Living with Lies

In the essay “The Truth about Lying,” Judith Viorst discusses different kinds of lies people usually tell in their lives. It reveals the two types of lies – one is acceptable, and the other one is unacceptable. While Viorst is giving her opinions after discussing each situation, she also asks the reader a simple but indeed difficult question, “What about you?”

“What about you?” Seeing this question again and again, I suddenly have no idea what my answers should be. It seems a little bit unacceptable that almost everyone tells lies in the world, but it is a truth. Yes, everyone, no exceptions, no excuses. In some circumstances, some people may tell lies to protect others, while some may do so to protect themselves. No matter what the intentions are, we are living with lies, and even sometimes we cannot move forward without lies.
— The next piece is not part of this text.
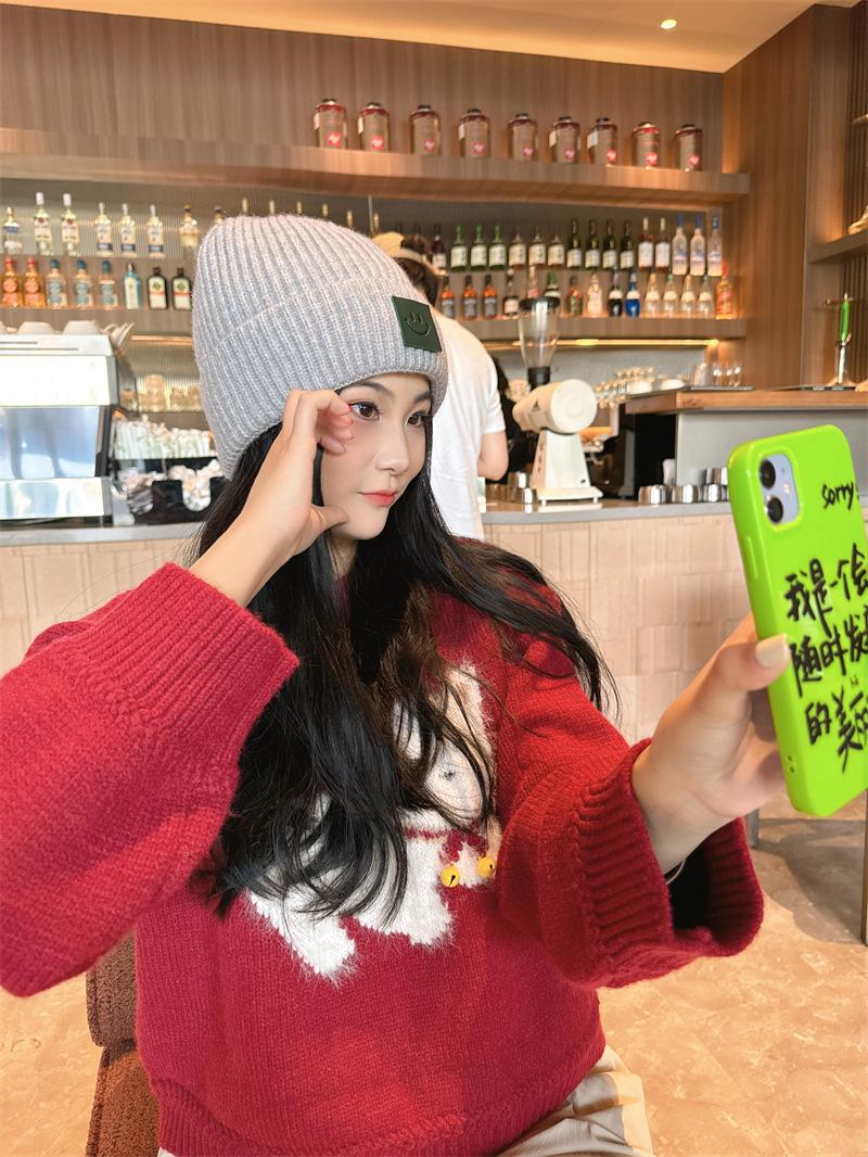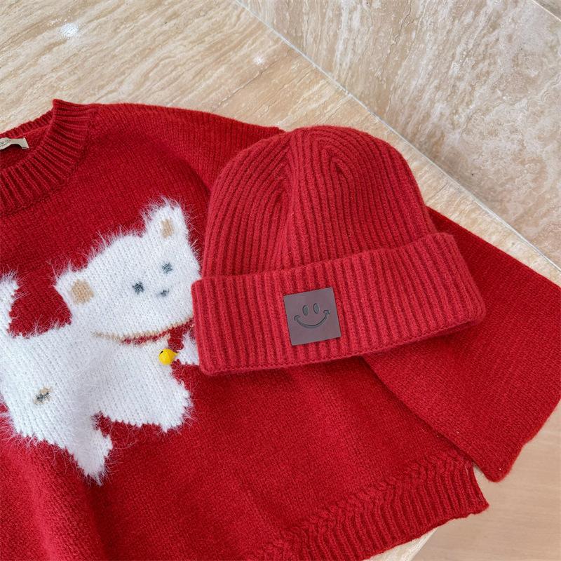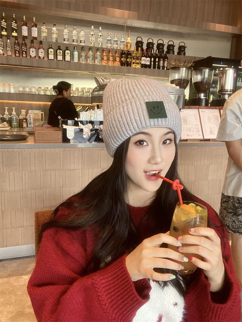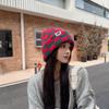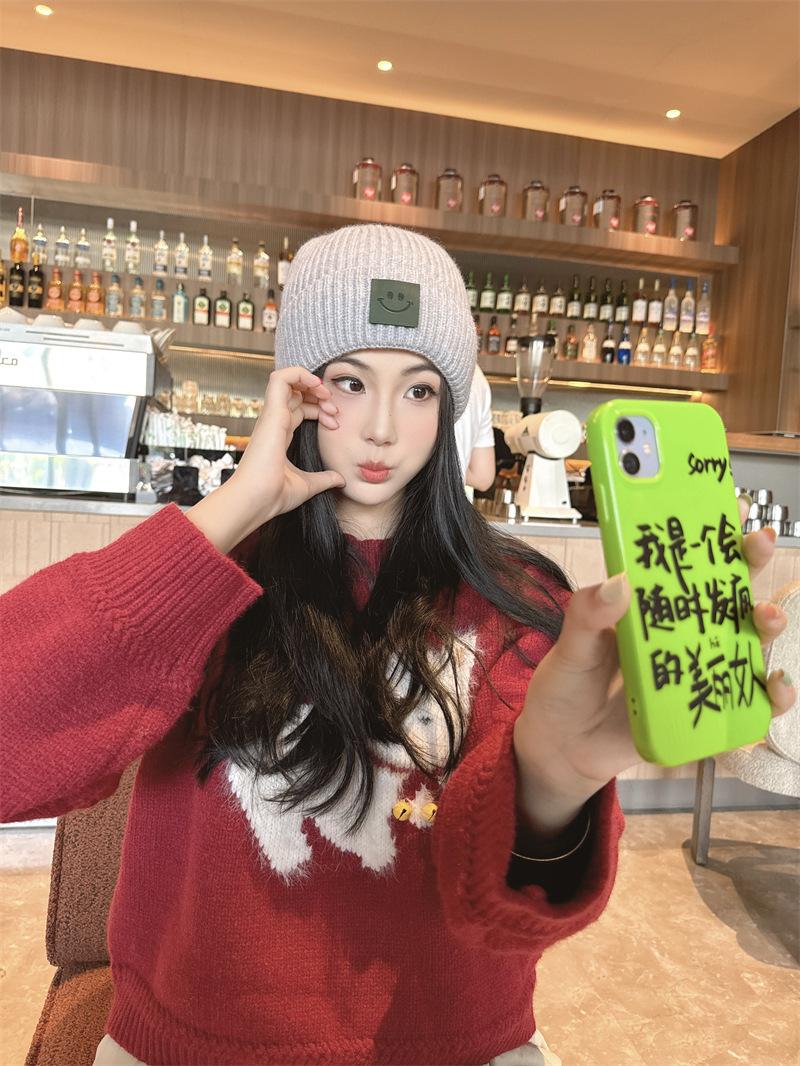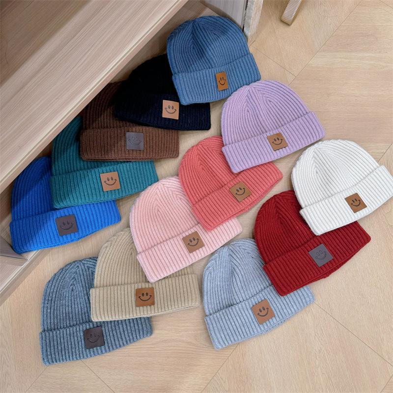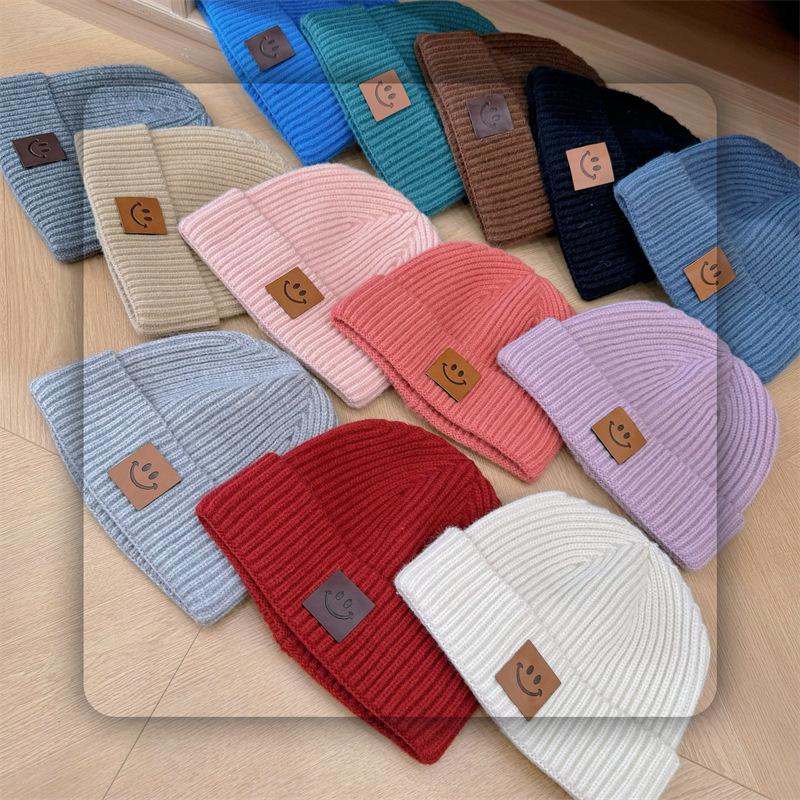Gorro de lana para mujer, otoño e invierno, japonés, moderno, grande, para la cabeza, pequeño, cálido, protector de orejas, resistente al frío, combinable, gorro de punto con cara sonriente.

When being asked whom I can’t tell lies to in my life, I thought about myself first. However, I soon changed my mind in the next second. Indeed, I have lied to myself a lot of times, even more than to other people. When facing some problems that difficult to deal with, I lie to myself, “It is not a big deal, I will find out the solution easily.” When I feel lost and don’t know how to move to the next step, I tell myself, “Unclear view is making my journey more beautiful.” This kind of lies is also known as self-deception, a word that seems silly, but it does provide the power of moving forward. On the other hand, I can see that too much lies will cause negative consequences – I will lose myself in the situation I imagine forever – which was shown in the story about Willy in the play “Death of a Salesman.” After experiencing all terrible things, Willy plants weeds in his garden, where the sunlight never reaches. It divulges the lies he has told himself as well as the negative aspects of his self-deception. I acknowledge that being addicted to lying is not a good thing, yet I guess there is another thing emerged from Willy’s death – when he realizes that all lies have been disclosed, when he is not able to lie to himself anymore, he is stuck in a same place forever. Perhaps, the power of lies can be shown from his story.

I have heard a lot of people saying that “living a life just like performing a play.” If it is true, I would like to say that: you may want to act with all your emotions when you are a performer, but you may not want to trust everything you see when you are in the audience, as you are living with lies, and the liar can be anyone, including you.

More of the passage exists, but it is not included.